The post A Look at MyRocks Performance appeared first on Percona Database Performance Blog.

Keep Sensitive Data Secure in a Replication Setup

April 30, 2018 - 2:47pm

This blog post describes how to keep sensitive data secure on slave servers in a MySQL async replication setup.

Almost every web application has a sensitive data: passwords, SNN, credit cards, emails, etc. Splitting the database to secure and “public” parts allows for restricting user and application parts access to sensitive data.

Field encryption

This is based on MySQL encryption functions or on client-side encryption when the authorized user knows a secret, but encrypted data is distributed to all slaves.

  • If possible, use hashes with a big enough salt, and do not store real sensitive data in the database. A good example is passwords. An end-user sends the login and password, application/SQL code calculates the hash with a salt value unique for each end-user and compares the hash with the value stored in the database. Even if the attacker gets the hashes, it’s still hard or even impossible to extract real passwords for all users. Make sure that you are using a good random number generator for the salt, application-side secret, and a good hash function (not MD5).
  • Encryption is not suitable if you are going to provide public access to your database (via slave dumps in sql/csv/xml/json format).
  • Encryption is a complex topic. Check here for a good blog post explaining hashing usage, and try to find a security consultant if you are inventing some “new” method of storing and encrypting data.
Field encryption example

I’m using a single server setup, because the most important part of data separation should be done on the application side. The secure part of the application has a secret passphrase. For example, you can place the code working with authentication, full profile and payments on a separate server and use a dedicated MySQL account.

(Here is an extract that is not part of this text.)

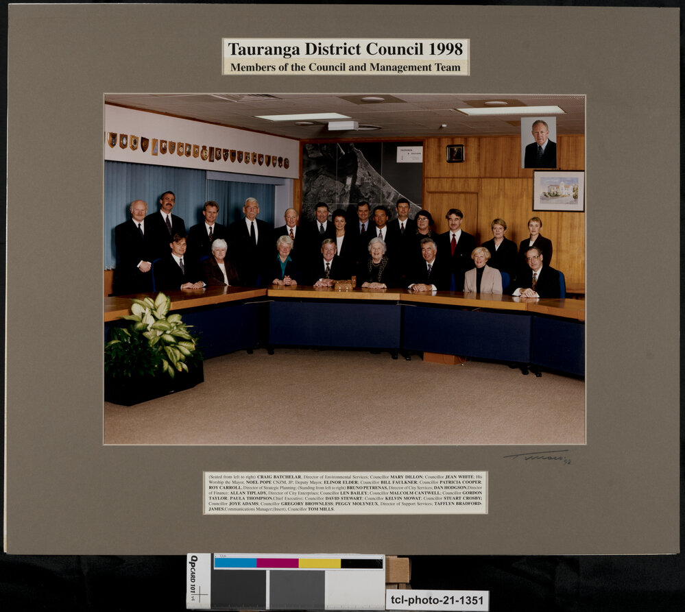 Date1998Reference NumberPhoto 21-1351DescriptionMembers of the Tauranga District Council and Management. Seated

create database encrypted; use encrypted; create table t(c1 int, c2 varchar(255), rnd_pad varbinary(16), primary key(c1)); SET block_encryption_mode = 'aes-256-cbc'; SET @key_str = SHA2('My secret passphrase',512); SET @init_vector = RANDOM_BYTES(16); insert into t (c1,c2, rnd_pad) values (1, AES_ENCRYPT('Secret', @key_str, @init_vector), @init_vector); -- decrypt data select c1, AES_DECRYPT(c2,@key_str, rnd_pad) from t;

  • GOOD: Master and slave servers have exactly the same data and no problems with replication.
  • GOOD: Even if two different end-users have exactly the same password, the stored values are different due to random bytes in the init vector for AES encryption.
  • GOOD: Both the encryption and random number generation uses an external library (openssl).
  • CONF: It’s important to have binlog_format=ROW to avoid sending the secret to slave servers.
  • CONF: Do not allow end-users to change data without changing the init_vector, especially for small strings without random padding. Each update should cause init_vector re-generation.
  • BAD: Encrypted data is still sent to slave servers. If the encryption algorithm or protocol is broken, it is possible to get access to data from an insecure part of the application.
  • BAD: The described protocol still could be insecure.
Replication filters

There are two types of replication filters: a master-side with binlog-*db and a slave-side with replicate-*.

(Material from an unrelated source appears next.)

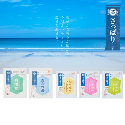 カラダとココロが、火照るとき。背筋を伸ばして、明日に備えたいとき。ざぶん!とおふろに飛び込みたいとき。爽やかな香りが広がり、心地よい汗とともに芯までさっぱりシリーズです。

Both could cause replication breakage. Replication filters were created for STATEMENT-based replication and are problematic with modern binlog_format=ROW + gtid_mode=on setup. You can find several cases related to database-level slave-side filters in this blog post. If you still need slave-side filtering, use per-table replicate-wild-*-table options.

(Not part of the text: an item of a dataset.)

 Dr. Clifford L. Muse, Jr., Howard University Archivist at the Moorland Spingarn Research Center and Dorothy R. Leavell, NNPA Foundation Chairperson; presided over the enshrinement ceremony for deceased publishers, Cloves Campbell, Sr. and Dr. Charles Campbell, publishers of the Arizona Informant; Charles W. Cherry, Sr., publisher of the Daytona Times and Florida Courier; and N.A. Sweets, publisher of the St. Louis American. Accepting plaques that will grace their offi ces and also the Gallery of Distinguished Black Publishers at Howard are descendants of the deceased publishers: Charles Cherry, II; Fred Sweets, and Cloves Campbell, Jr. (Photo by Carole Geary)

Even if binary logging is disabled for a specific database, the statement still could be stored in the binary log if it’s a DDL statement, or if the binlog_format is STATEMENT or MIXED and default database is not used by the statement. For details, see the reference manual for the binlog-do-db option. In order to avoid replication issues, you should use ROW-based replication and run SET SESSION sql_log_bin=0; before each DDL statement is executed against the ignored database. It’s not a good idea to use binlog-do-db, because you are losing control of what should be replicated.

Why is binary log filtering useful? Changing the sql_log_bin variable is prohibited inside transactions. The sql_log_bin is DANGEROUS, please do not use it instead of binlog-ignore-db in production on the application side. If you need it for database administration, make sure that you are always typing the “session” word before sql_log_bin. This makes problematic consistent updates of multiple entities inside database.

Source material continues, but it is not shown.